Inside Indonesia’s Currency Pivot: What EBC Uncovered from the China Deal
In the complex dance of global finance, Indonesia and China have just taken a significant step in synchrony. Their new currency pact acts like a finely tuned duet, harmonising two emerging powers in a way that could reshape regional economic rhythms for years to come. This move, sealed during Premier Li Qiang’s visit ahead of the ASEAN-GCC-China Summit, signals a new chapter in how Indonesia manages its economic tempo amid shifting global pressures.
Record Trade Flows Set the Stage
Indonesia has long stood as one of China’s major ASEAN partners, and the numbers speak for themselves. In 2024, bilateral trade reached USD147.80 billion, marking a 6.1% year-on-year increase. With projections pointing towards a total of over USD160 billion in 2025, it’s clear this relationship is not only maturing but accelerating. The new agreement comes alongside other key deals signed on 25 May 2025, touching tourism, media, public health, and infrastructure.
LCS Agreement: A Financial Gamechanger
At the centre of these developments is the upgraded Local Currency Settlement (LCS) pact between Bank Indonesia (BI) and the People’s Bank of China (PBOC). This isn’t just a symbolic move—it expands the use of Rupiah and Yuan to include capital account transactions, a rare step among emerging markets.

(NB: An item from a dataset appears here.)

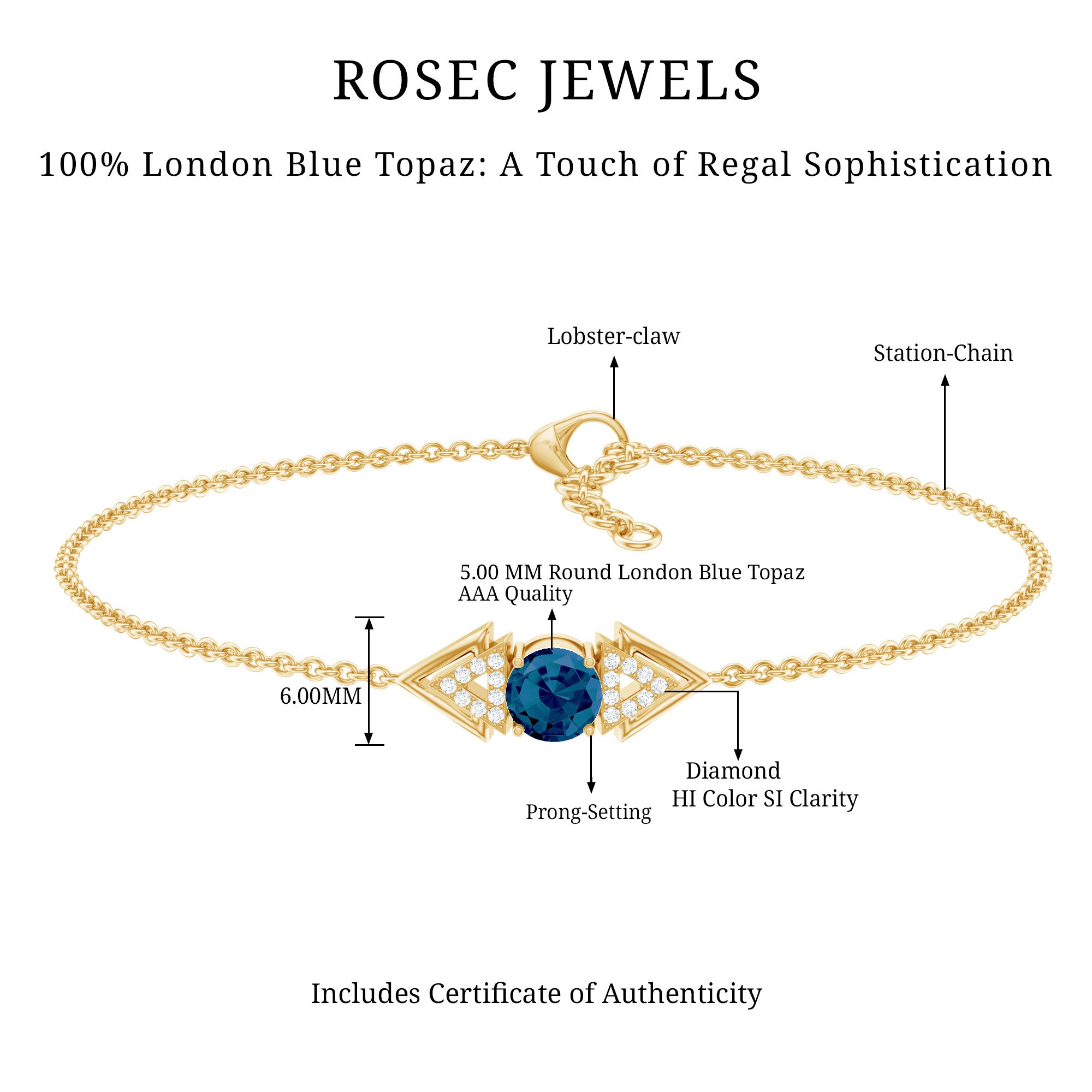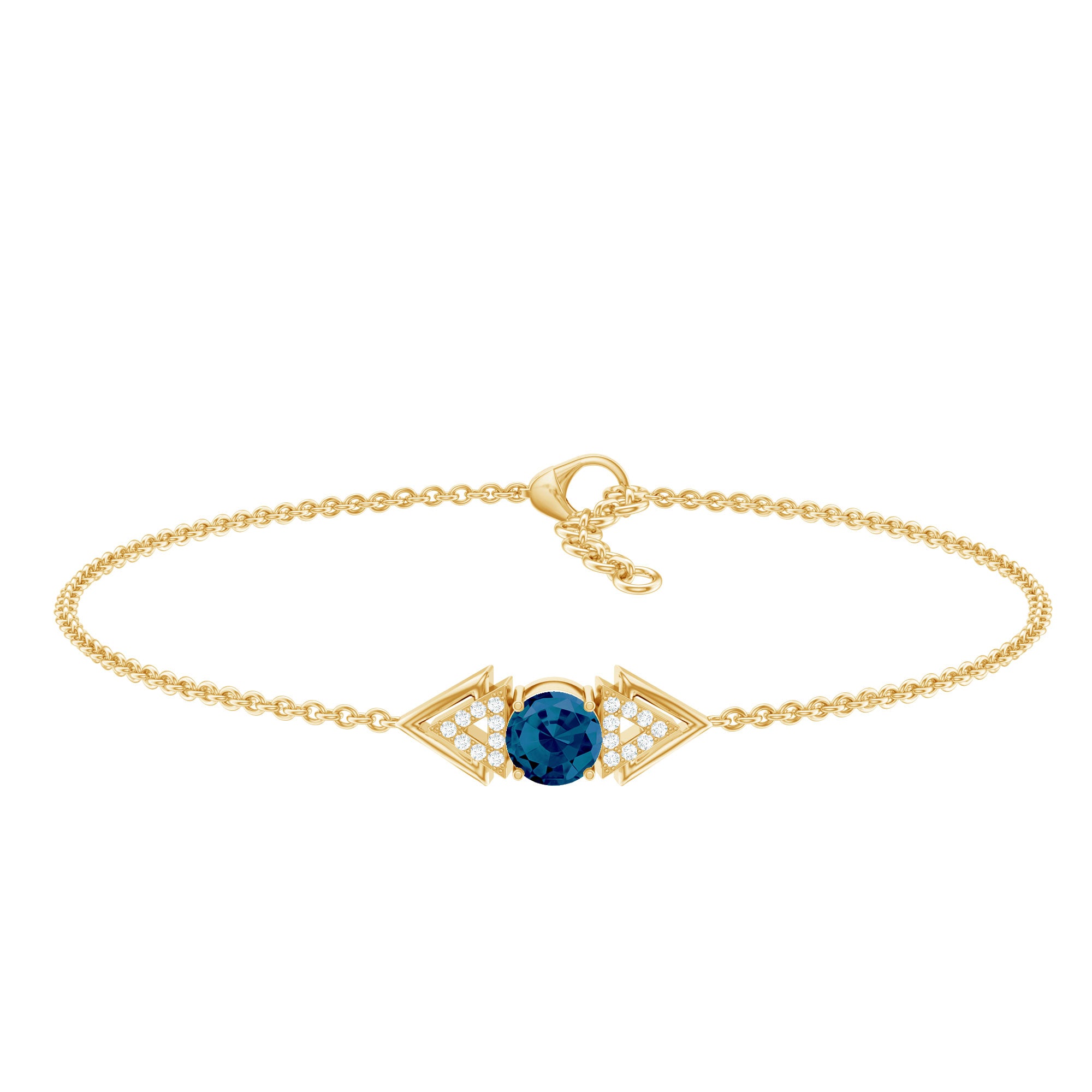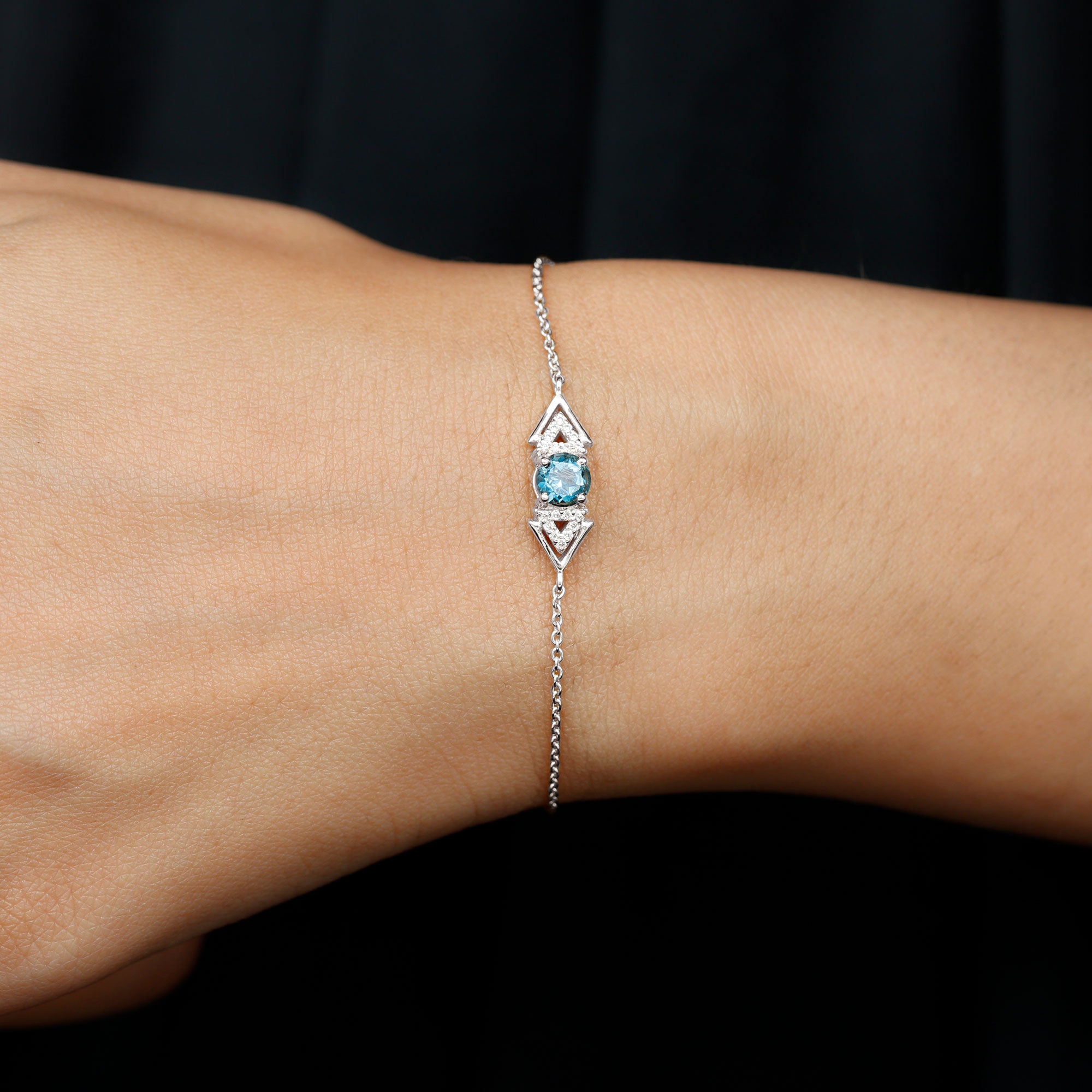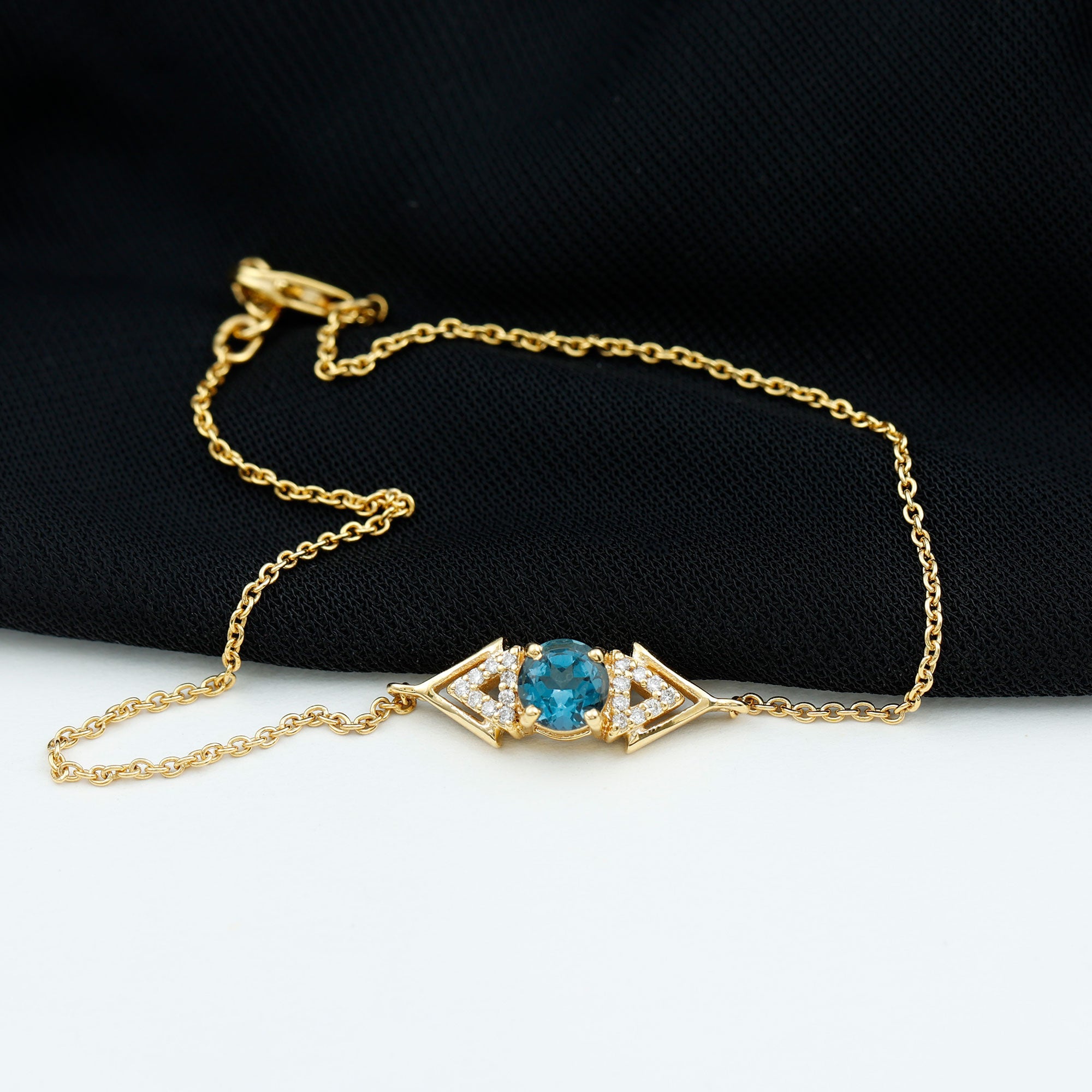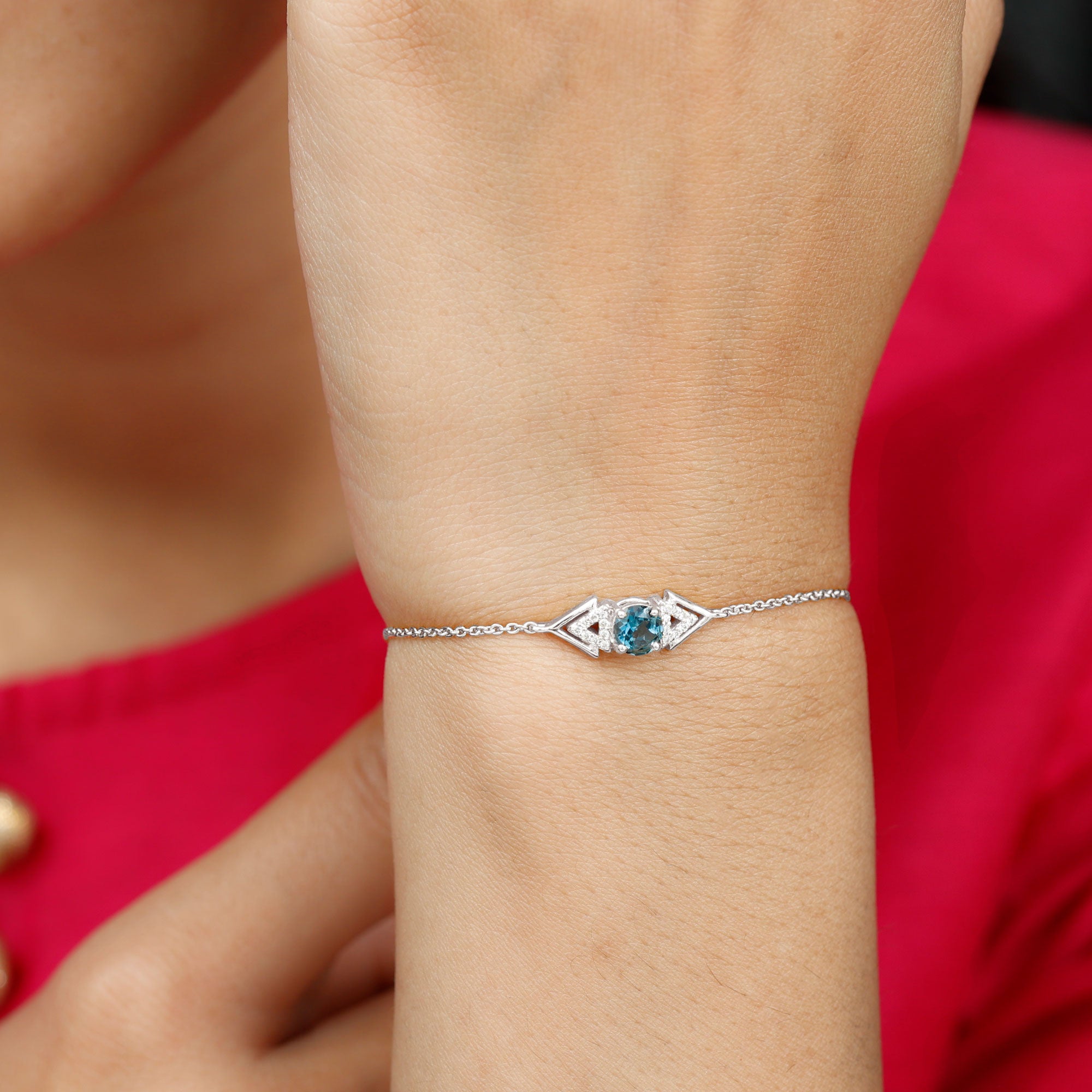 Make her feel special on this Valentines Day by gifting this Beautiful Geometric Chain Bracelet engrafted with Round Shape London Blue Topaz Gemstone is set at the center in a Prong Setting with Diamond Accents embellished in a Triangular shape.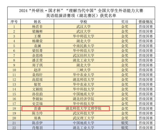 荊楚網(湖北日報網)訊(記者呂鑒蕾 通訊員 鄧薇薇 王婉馨)記者14日從湖北師范大學文理學院獲悉,在2024年“外研社·國才杯”“理解當代中國”全國大學生外語能力大賽(湖北賽區(qū))決賽中,該校學生以出色的表現(xiàn)榮獲“英語演講”賽項一金一銅的優(yōu)異成績。其中,榮獲金獎的苗盛同學是湖北省所有民辦高校唯一的晉級國賽的選手,創(chuàng)造了民辦高校的“第一次”。

The LCS framework offers three clear advantages. First, it eliminates the need for costly USD conversions for key exports like palm oil and nickel. Second, it enhances BI’s monetary flexibility. With 5.3% of its reserves already held in Yuan, BI can consider interest rate cuts without destabilising the Rupiah. Third, it lays the groundwork for deeper engagement with the BRICS+ bloc, including access to New Development Bank (NDB) funding that supports President Prabowo’s USD20 billion infrastructure drive.
As David Barrett, CEO of EBC Financial Group (UK) Ltd, puts it: “This isn't just about cutting transaction fees—it’s a recalibration of Indonesia’s financial DNA. By enabling Yuan-backed trade and investment flows, BI is building a hedge against Fed policy shocks.” At EBC, we see this as a defining moment that not only benefits Indonesia but also sets a precedent for emerging economies seeking financial resilience.
Sectoral Gains That Support the Shift
Tourism and industrial collaboration are key pieces of this puzzle. Indonesia expects to welcome nearly 2 million Chinese visitors in 2025, supported by relaxed visa rules and payment system upgrades. Meanwhile, a USD5 billion commitment to twin industrial park development will create more than 100,000 jobs between Fujian and the Batang Special Economic Zone.
Outside the financial realm, additional MoUs cover vaccine research partnerships and media cooperation through Antara and Xinhua. These efforts deepen soft power links, building stronger people-to-people and institutional relationships that reinforce the broader economic realignment.
A Blueprint for ASEAN’s Next Phase
Indonesia’s deal is not happening in isolation. From January to April 2025, China-ASEAN trade reached 2.38 trillion Yuan (around USD330 billion), a 9.2% increase year-on-year. The China-ASEAN Free Trade Area (CAFTA) 3.0 initiative is expanding cooperation across digital and green sectors, signalling a move toward broader regional integration.
The ASEAN-GCC-China Summit echoed this intent, opening the door for wider financial collaboration. While the shift is not explicitly anti-dollar, it does point toward a rebalancing. As Barrett notes, “Indonesia is crafting a blueprint for monetary diversification. The Local Currency Settlement (LCS) deal illustrates how mid-sized economies can reduce overreliance on a single dominant currency, balancing regional cohesion with global standards.”
EBC is committing our efforts to tracking how these developments unfold, recognising their potential impact on global financial markets.
Disclaimer: This material is for general information purposes only and is not intended as (and should not be considered to be) financial, investment or other advice on which reliance should be placed. No opinion given in the material constitutes a recommendation by EBC or the author that any particular investment, security, transaction or investment strategy is suitable for any specific person.